### EXERCISE DETAILS
Give again, character for character, the lines that lie between the first line of the material and the line with "- Oklo Inc.", inclusive. Omit pictures.

### EXERCISE DATA
• • • • • • •

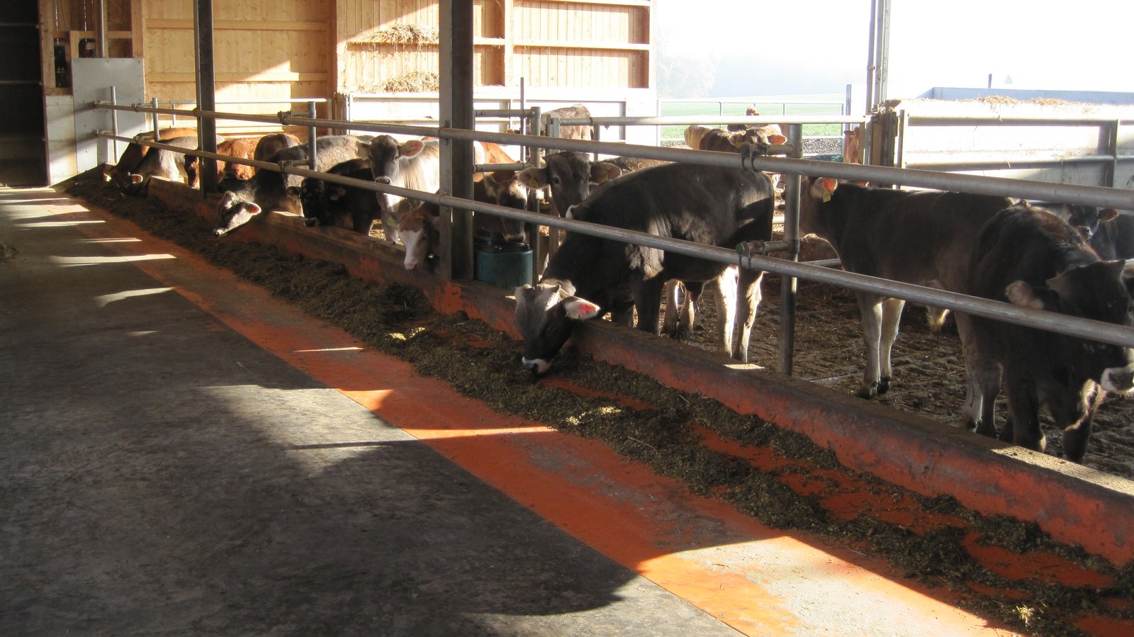 Annemarie und Andreas Widmer-Stirnimann aus Eschenbach haben vor kurzem ihren Rindviehmaststall erweitert. Der neue Offenfrontstall mit Spaltenboden im Fress- und Auslaufbereich und Tiefstroh im Liegebereich ist für 106 Masttiere ausgelegt. Das Stroh wird im Liegebereich einmal täglich mit einer Einstreumaschine verteilt. Bei einem Ausbau des Milchviehstalles könnte eine neue Futterachse gut in das bestehende Baukonzept integriert werden.
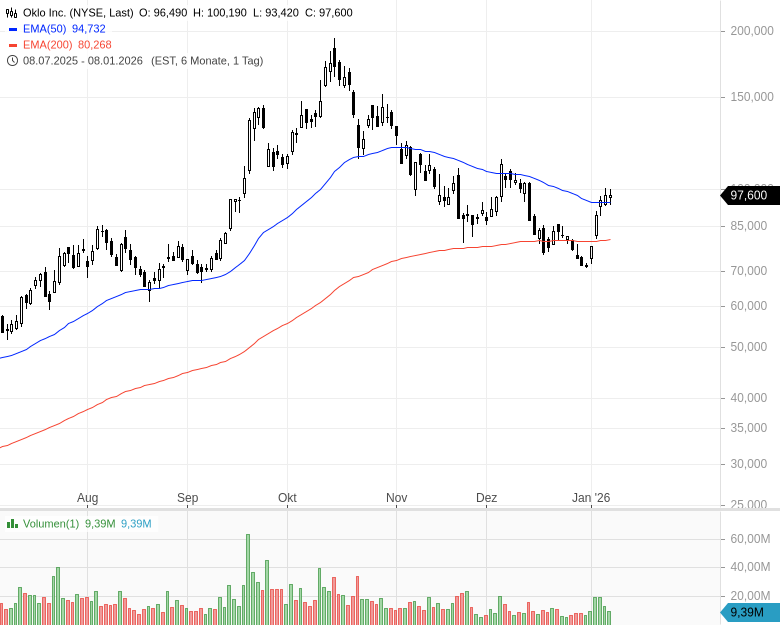 - Oklo Inc. - WKN: A3CUTU - ISIN: US02156V1098 - Kurs: 97,600 $ (NYSE)
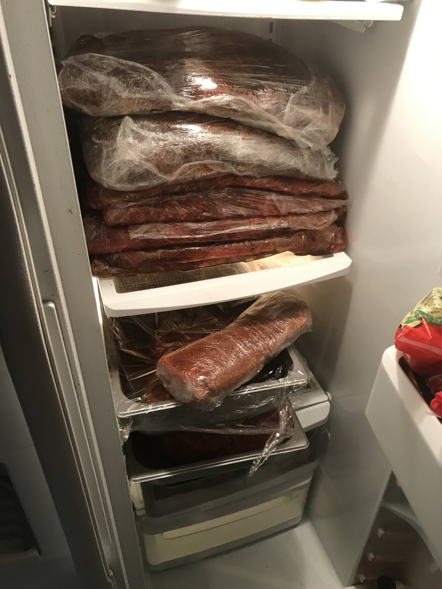 Just finished prepping 14 racks of baby backs, 4 briskets, 8 butts, and a whole pork tenderloin. My 7 y/o grandson open the refrigerator door for me so I could load in the last brisket and he said "whoa."

• • • • • • •

### WRITTEN SOLUTION
 Annemarie und Andreas Widmer-Stirnimann aus Eschenbach haben vor kurzem ihren Rindviehmaststall erweitert. Der neue Offenfrontstall mit Spaltenboden im Fress- und Auslaufbereich und Tiefstroh im Liegebereich ist für 106 Masttiere ausgelegt. Das Stroh wird im Liegebereich einmal täglich mit einer Einstreumaschine verteilt. Bei einem Ausbau des Milchviehstalles könnte eine neue Futterachse gut in das bestehende Baukonzept integriert werden.
 - Oklo Inc. - WKN: A3CUTU - ISIN: US02156V1098 - Kurs: 97,600 $ (NYSE)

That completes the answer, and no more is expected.